Chin-up
De Chin-up gaat als volgt:
- Pak een stang boven je vast met een grip waarbij je de duimen naar buiten hebt.
- Ga hangen en span je buik- en bilspieren aan.
- Adem in en trek jezelf op totdat je kin boven de stang is.
- Let er op dat je schouderbladen naar elkaar toe trekt als je boven bent.
- Houd deze positie één seconde vast.
- Laat je gecontroleerd zakken en adem uit.
Ik kan nog geen chin-up. Heb je tips?
Ja. Als je twee tot drie ker per week specifieke oefeningen doet, gaat het jou zeker lukken. Loop dit stappenplan na.
Stap 1: start met de lat pulldown. Deze oefening geeft je een basiskracht van je rug en biceps waardoor je een basis opbouwt.

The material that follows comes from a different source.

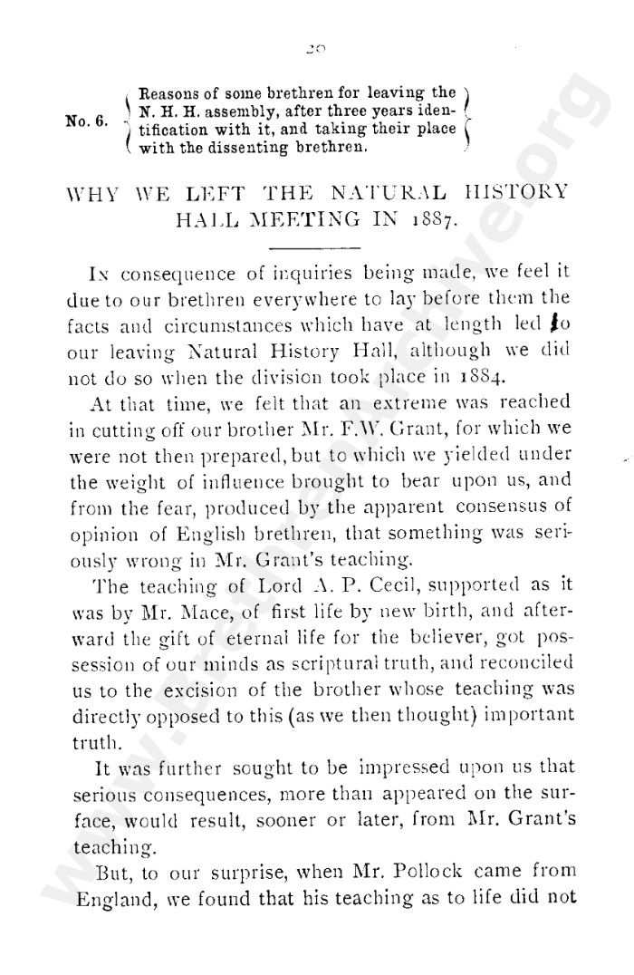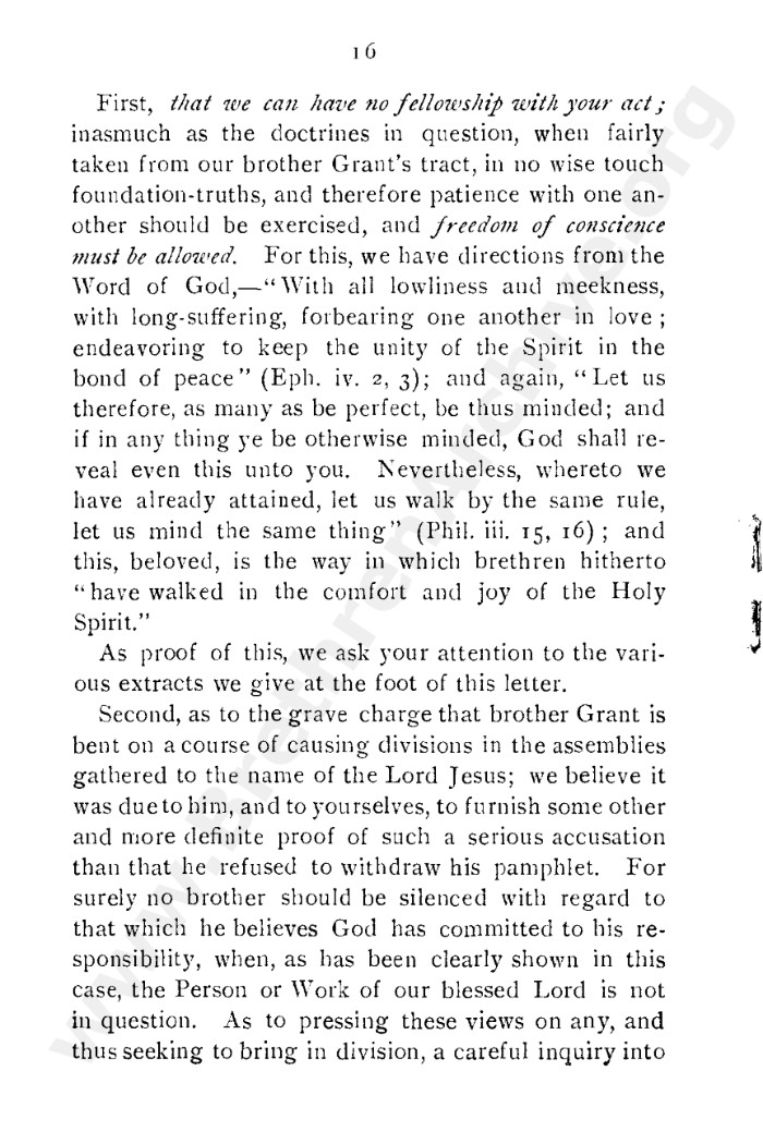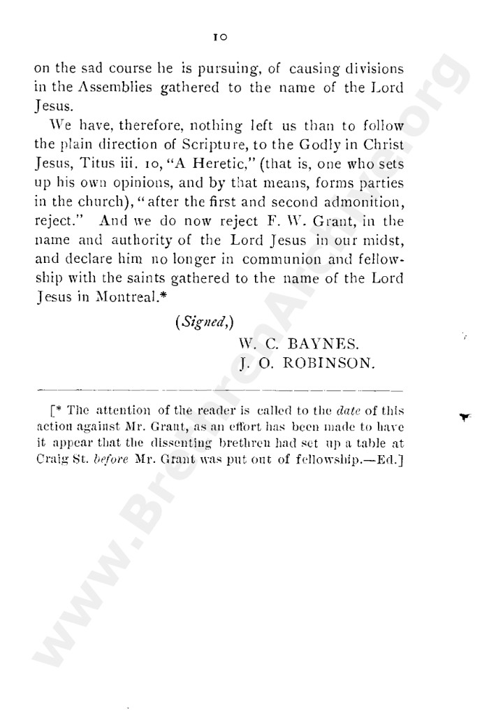 A collection of papers that gives good insight into what is known as the Grant division. Thankfully in the reunion between the Grant and Kelly-Lowe brethren, the KLC brethren were free to acknowledge this act was 'sin and unrighteousness'. Amazingly the TW brethren will still hold this was 'of God', but their ecclesiastical position necessitates them to and shows the falsehood of the whole thing. Particularly liked this on the last page: "At the judgement-seat of Christ you cannot, as so many of you do now, shelter yourselves by saying the assembly decided, and you could not but concur. This may quiet your conscience here, but there "every one of us shall give account of himself to God." "

Stap 2: start met negatieve chin-up. Zet een bankje neer bij en optrekstang. Spring omhoog zodat je kin boven stang is en laat jezelf helemaal zakken.
Stap 3: als je vijf gecontroleerde herhalingen kunt met negative chin-ups dan is het tijd om de stap te maken naar je eerste chin-up.
Doe twee tot drie keer per week deze variaties zodat je kracht toeneemt. Belangrijk hierbij is om progressive overload toe te passen. Oftewel je wil elke week sterker worden.
Veelgemaakte fouten:
- Zwaai niet met het lichaam, maar maak een gecontroleerde beweging.
- Als je maar een heel kleine beweging kunt maken, kun je beter eerst negatieve chin-ups doen. Volg de tips hierboven.
Belangrijke punten:
- Span goed je rugspieren aan als je boven bent.
- Heb je er moeite mee? Laat jezelf dan eerst een paar keer zakken met je lichaamsgewicht zodat je alleen de zakkende beweging oefent of gebruik een elastiek.
- Wil je het zwaarder maken? Gebruik een gewichtengordel en voer de chin-up uit met extra belasting.
- Houd je lichaam recht gedurende de oefening. Probeer niet te veel te wiebelen met je onderlichaam. De kracht moet komen uit je rug en biceps.
Welke spieren train je de chin-up?
Met de chin-up train je vooral de grote rugspier (latissimus dorsi) en biceps. Daarnaast werken je onderarmen mee in de eindpositie.
Verschil met de pull-up?
Bij de pull-up gebruik je iets meer je onderarmen en minder je biceps. Maar het verschil is echt minimaal.
Variaties van de chin-up en alternatieve oefeningen
Naast de standaard chin-up zijn er verschillende variaties en alternatieve oefeningen die je kunt uitvoeren om je bovenlichaam en rugspieren te versterken.
Wide-grip chin-up: Bij deze variatie plaats je je handen iets breder dan schouderbreedte op de stang. Deze grip legt meer nadruk op je schouders en buitenste rugspieren.
Narrow-grip chin-up: Hierbij breng je je handen dichter bij elkaar op de stang. Deze grip richt zich meer op de biceps en binnenste rugspieren.
Weighted chin-up: Als de normale chin-up te gemakkelijk voor je wordt, kun je een gewichtskoord of een halterschijf aan een gewichtengordel bevestigen. Dit voegt extra weerstand toe en maakt de oefening uitdagender.
Assisted chin-up: Als je moeite hebt om jezelf op te trekken, kun je gebruikmaken van een weerstandsband of een specifieke machine.